■ **Task**:
The copy should hold only the line containing "AJOS 8月例会 平成13年8月12日" and the lines after it through the end of the material, each exact, with no pictures.

■ **Data shown**:
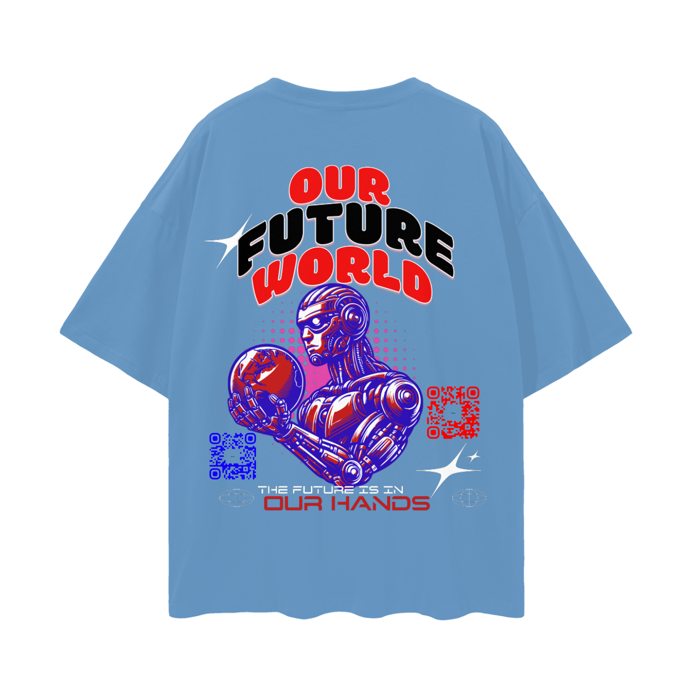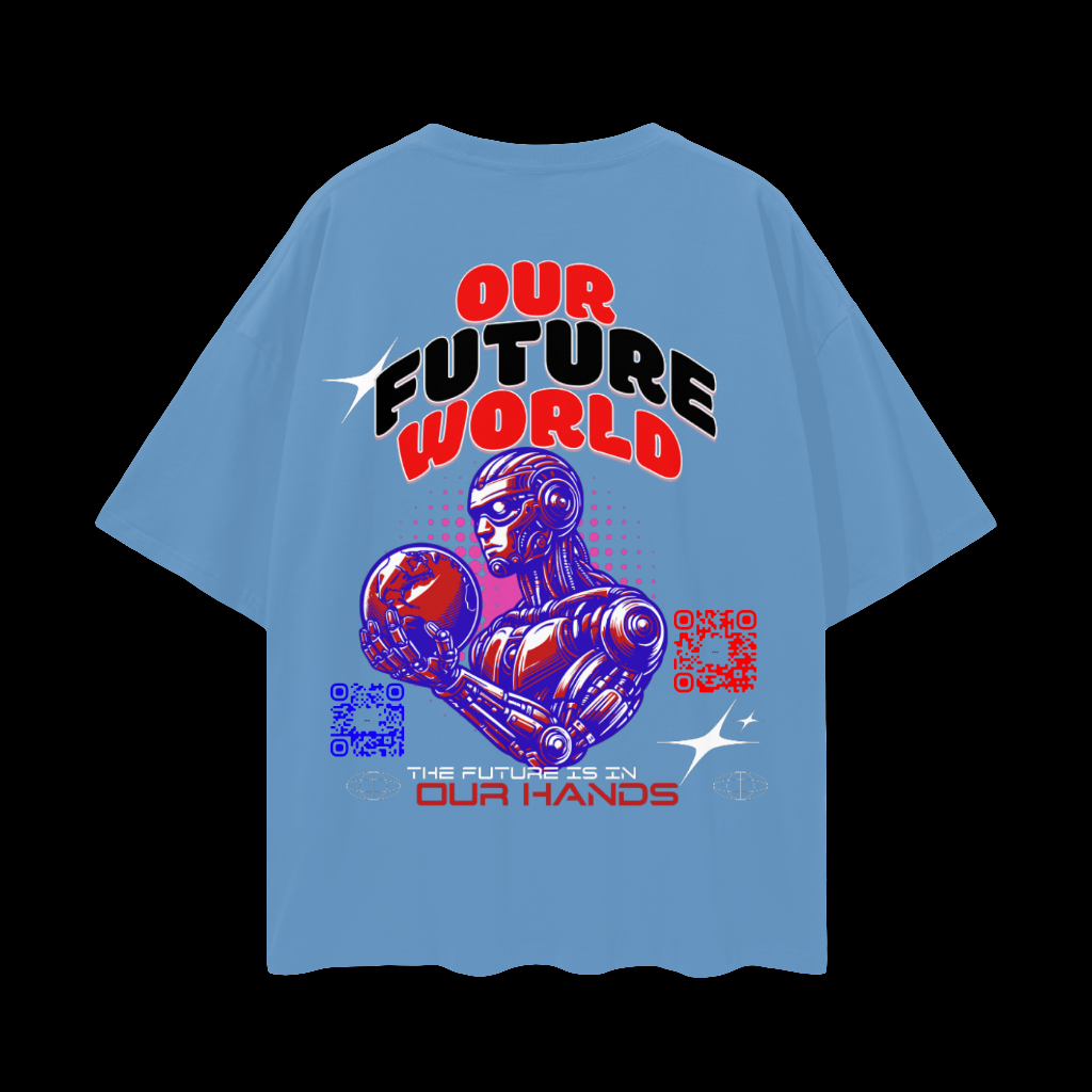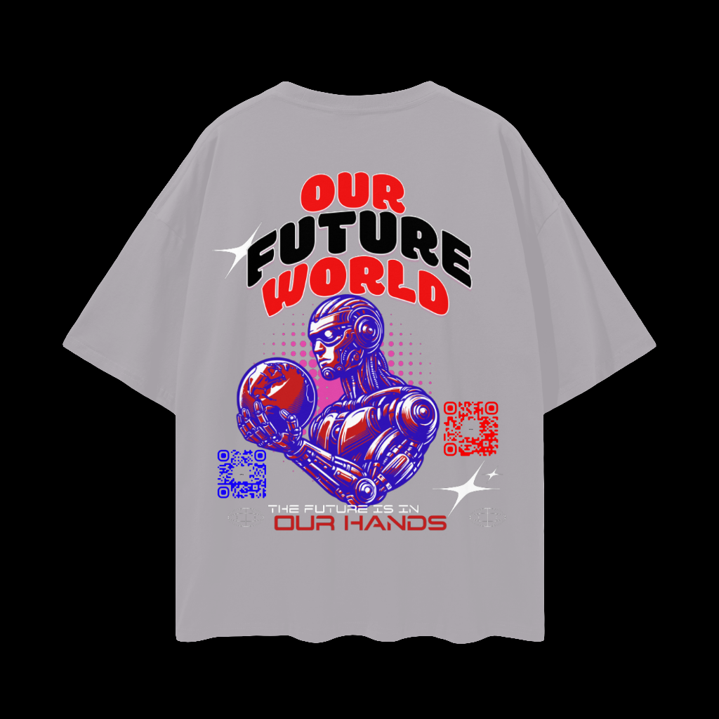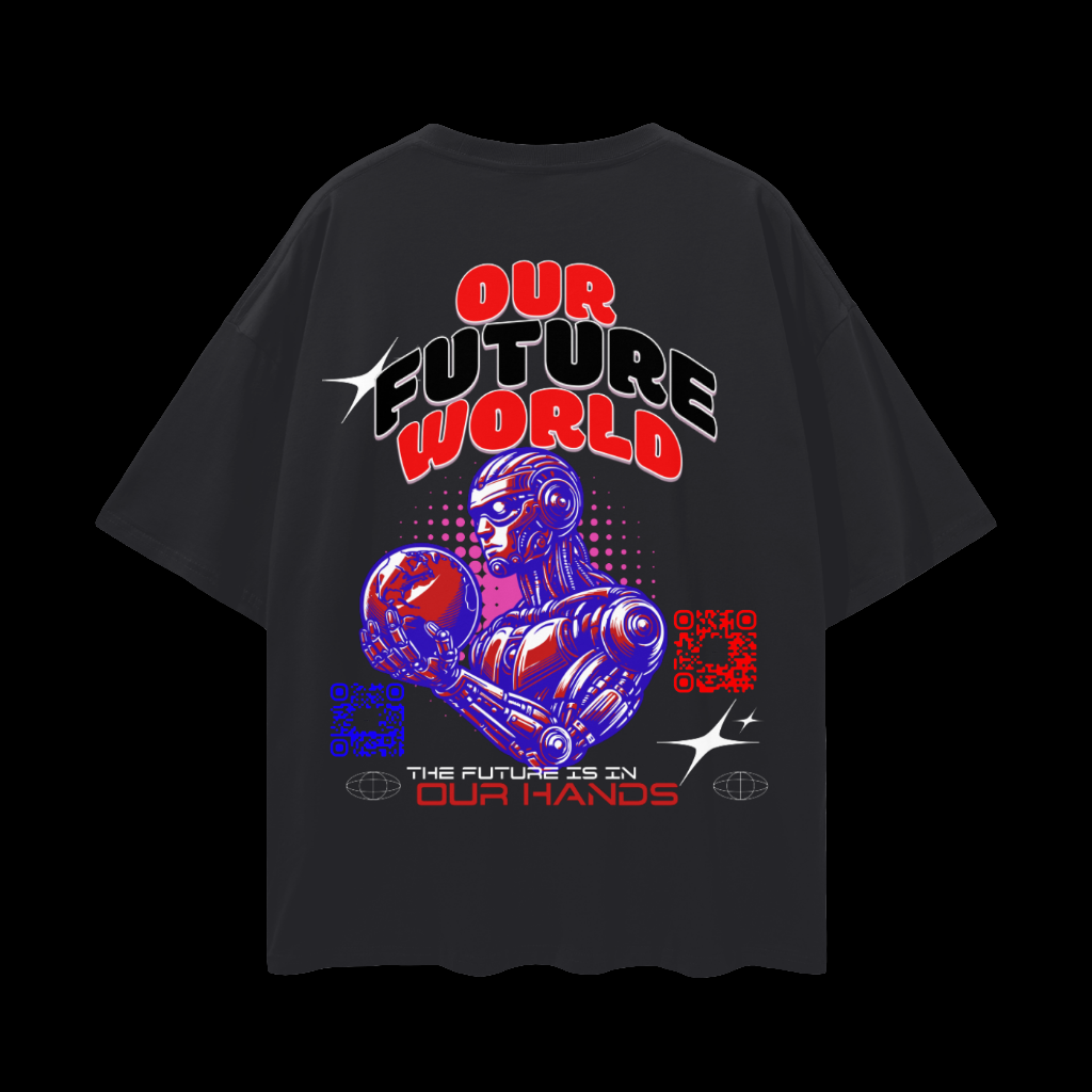 THE FUTURE IS IN OUR HANDS. As we step into tomorrow with this "FUTURE WORLD" tee. In wearing this powerful t-shirt it can hold as a reminder of how much we hold the ability to shape what is to come........''curious to know????!!!!!" scan the qr code on this tee to find out.
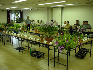 AJOS 8月例会 平成13年8月12日 向ヶ丘遊園 ローズガーデンハウス 出席者:55名 出品株70株 . |
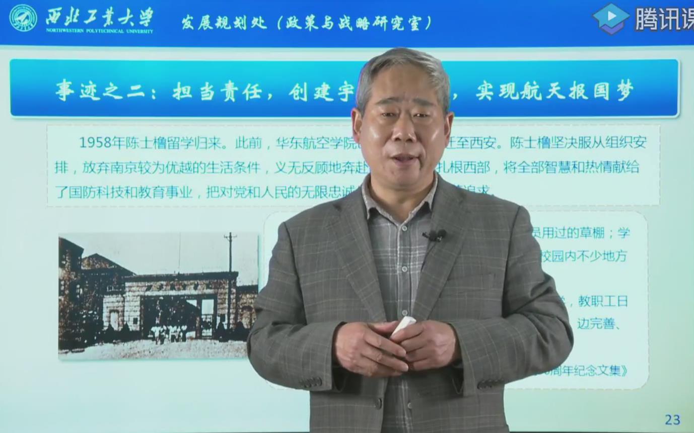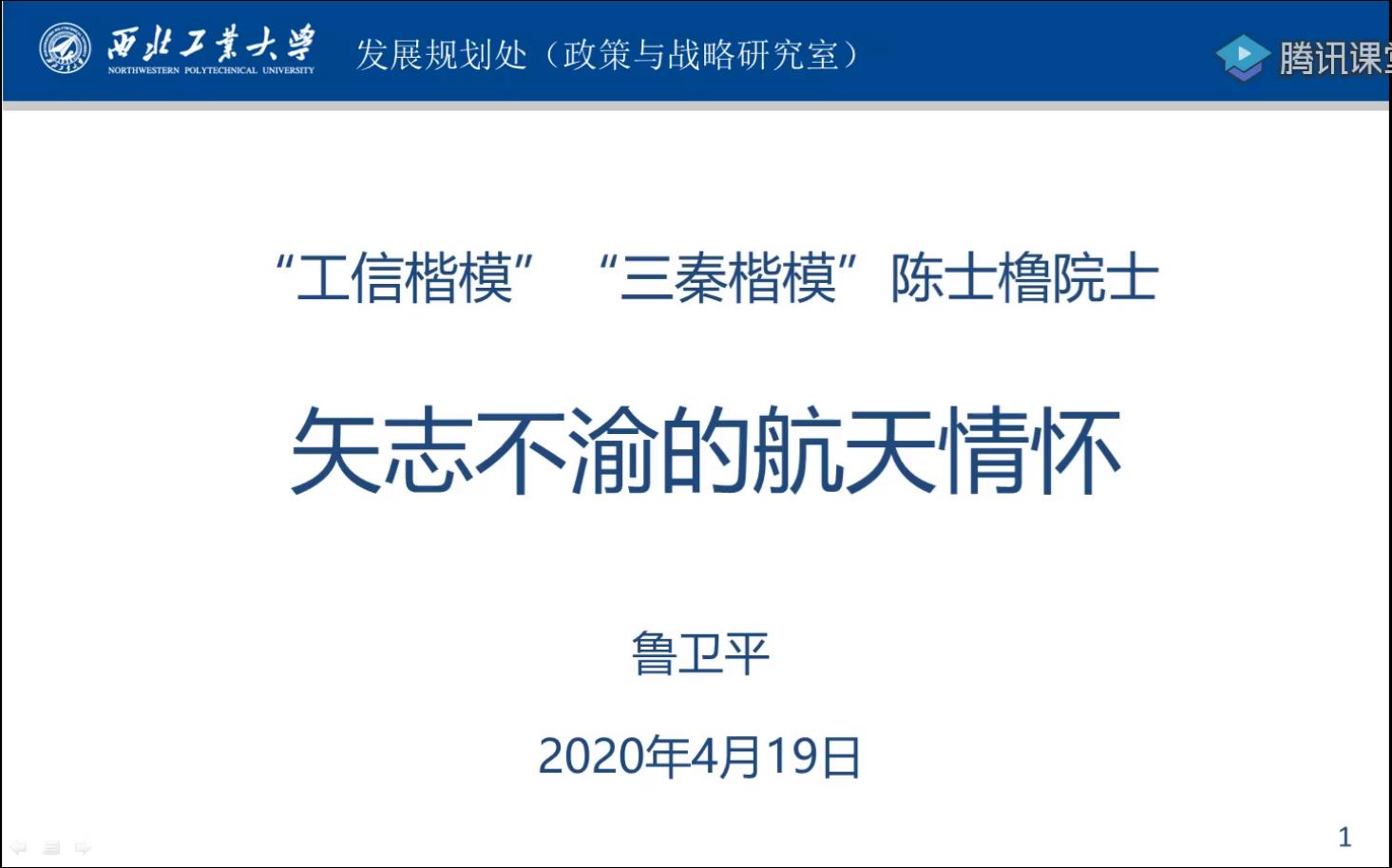 主办,西工大青年宣讲团、西北工业大学研究生会承办,特别邀请了西北工业大学政策与战略研究室主任兼发展规划处副处长、《剑指苍穹—陈士橹传》主要作者鲁卫平担任主讲人,讲述陈士橹院士“一个甲子的坚守”。
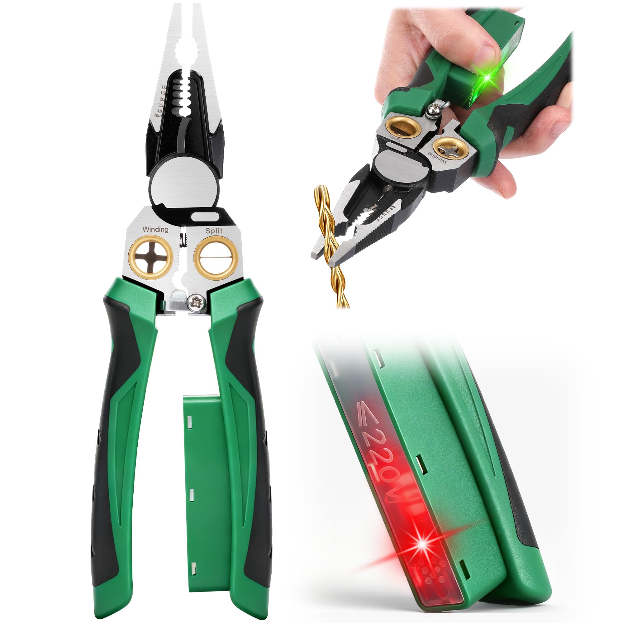 - [ 8-in-1 Multi-Function ]: Wire stripping, crimping, cutting, and voltage testing. No need to carry multiple tools—perfect for electricians, DIY enthusiasts, or home repair projects.

■ **Final answer**:
 AJOS 8月例会 平成13年8月12日 向ヶ丘遊園 ローズガーデンハウス 出席者:55名 出品株70株 . |
 主办,西工大青年宣讲团、西北工业大学研究生会承办,特别邀请了西北工业大学政策与战略研究室主任兼发展规划处副处长、《剑指苍穹—陈士橹传》主要作者鲁卫平担任主讲人,讲述陈士橹院士“一个甲子的坚守”。
 - [ 8-in-1 Multi-Function ]: Wire stripping, crimping, cutting, and voltage testing. No need to carry multiple tools—perfect for electricians, DIY enthusiasts, or home repair projects.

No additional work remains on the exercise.